Given information below:
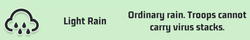 This weather can be dangerous as it can spiral your virus debuffs out of control. When engaging against monsters in the world, rallies, stronghold attacks, etc. you will gain extra virus stacks and the debuff can ramp up quickly then.
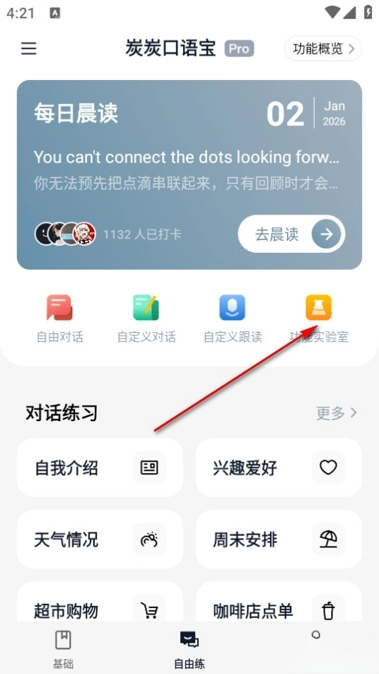 点击软件进入首页,在首页点击功能实验室。
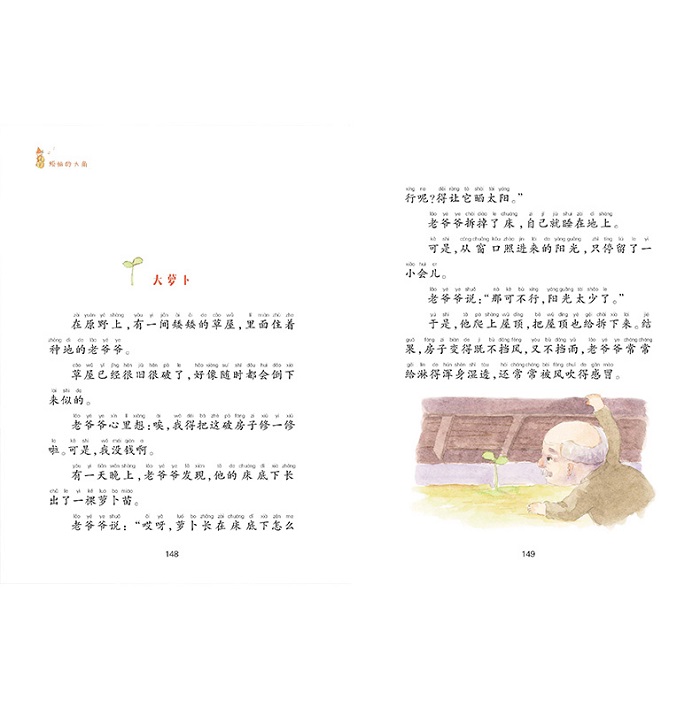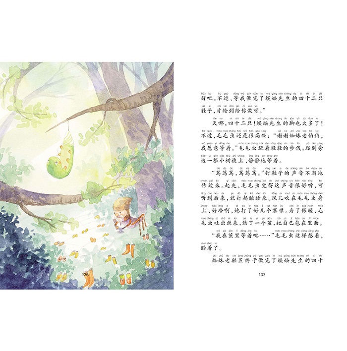 绘图上,配图是造型可爱、色彩清新的水彩手绘插图。编排上适当加入一些小趣味,带给孩子的阅读体验。
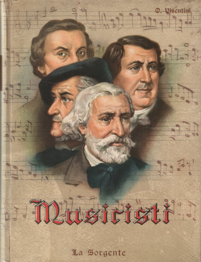 In-8°, pp. 293, (3), legatura editoriale illustrata a colori. Una piccola rottura, senza perdite nella parte inferiore del dorso e delle cerniere, molto ben riparata da intervento di restauro. Con 13 tavole a colori fuori testo e 21 figure nel testo del pittore A. Mairani. Firma di appartenenza al frontespizio. Un minuscolo foro (1 millimetro di diametro) e due piccoli, leggeri aloni nel margine destro del frontespizio; leggeri segni d'umido alle guardie e ai tagli. Per il resto, in buono stato. Indice: Il libro della grazia alata (Preludio); Il violinista del Re (Gian Battista Lulli); Il "Cantor" (Sebastiano Bach); Il "Sassone", (Giorgio Federico Haendel); Il viandante (Giuseppe Haydn); Il fanciullo prodigioso (Wolfango Amedeo Mozart); Il "Solitario" (Ludovico Beethoven); Il musicista zingaresco (Franz Schubert); Il vagabondo (Nicolò Paganini); Il musicista felice (Gioacchino Rossini); Il grande infelice (Gaetano Donizetti); Il Catanese (Vincenzo Bellini); Il musicista poeta (Federico Chopin); Il maestro del Risorgimento (Giuseppe Verdi); L'esule immortale (Riccardo Wagner); L'uomo delle visioni (Carlo Gounoud); Il ventunesimo figlio (Giulio Massenet); Uno dei "Cinque" (Modesto Mussorgsky); Il sognatore dei fiordi (Edoardo Grieg); Il cacciatore di melodie (Giacomo Puccini); Il Livornese (Pietro Mascagni).
End of Given information.
Skipping the images, write out the whole listing exactly.

▶ Worked solution
 This weather can be dangerous as it can spiral your virus debuffs out of control. When engaging against monsters in the world, rallies, stronghold attacks, etc. you will gain extra virus stacks and the debuff can ramp up quickly then.
 点击软件进入首页,在首页点击功能实验室。
 绘图上,配图是造型可爱、色彩清新的水彩手绘插图。编排上适当加入一些小趣味,带给孩子的阅读体验。
 In-8°, pp. 293, (3), legatura editoriale illustrata a colori. Una piccola rottura, senza perdite nella parte inferiore del dorso e delle cerniere, molto ben riparata da intervento di restauro. Con 13 tavole a colori fuori testo e 21 figure nel testo del pittore A. Mairani. Firma di appartenenza al frontespizio. Un minuscolo foro (1 millimetro di diametro) e due piccoli, leggeri aloni nel margine destro del frontespizio; leggeri segni d'umido alle guardie e ai tagli. Per il resto, in buono stato. Indice: Il libro della grazia alata (Preludio); Il violinista del Re (Gian Battista Lulli); Il "Cantor" (Sebastiano Bach); Il "Sassone", (Giorgio Federico Haendel); Il viandante (Giuseppe Haydn); Il fanciullo prodigioso (Wolfango Amedeo Mozart); Il "Solitario" (Ludovico Beethoven); Il musicista zingaresco (Franz Schubert); Il vagabondo (Nicolò Paganini); Il musicista felice (Gioacchino Rossini); Il grande infelice (Gaetano Donizetti); Il Catanese (Vincenzo Bellini); Il musicista poeta (Federico Chopin); Il maestro del Risorgimento (Giuseppe Verdi); L'esule immortale (Riccardo Wagner); L'uomo delle visioni (Carlo Gounoud); Il ventunesimo figlio (Giulio Massenet); Uno dei "Cinque" (Modesto Mussorgsky); Il sognatore dei fiordi (Edoardo Grieg); Il cacciatore di melodie (Giacomo Puccini); Il Livornese (Pietro Mascagni).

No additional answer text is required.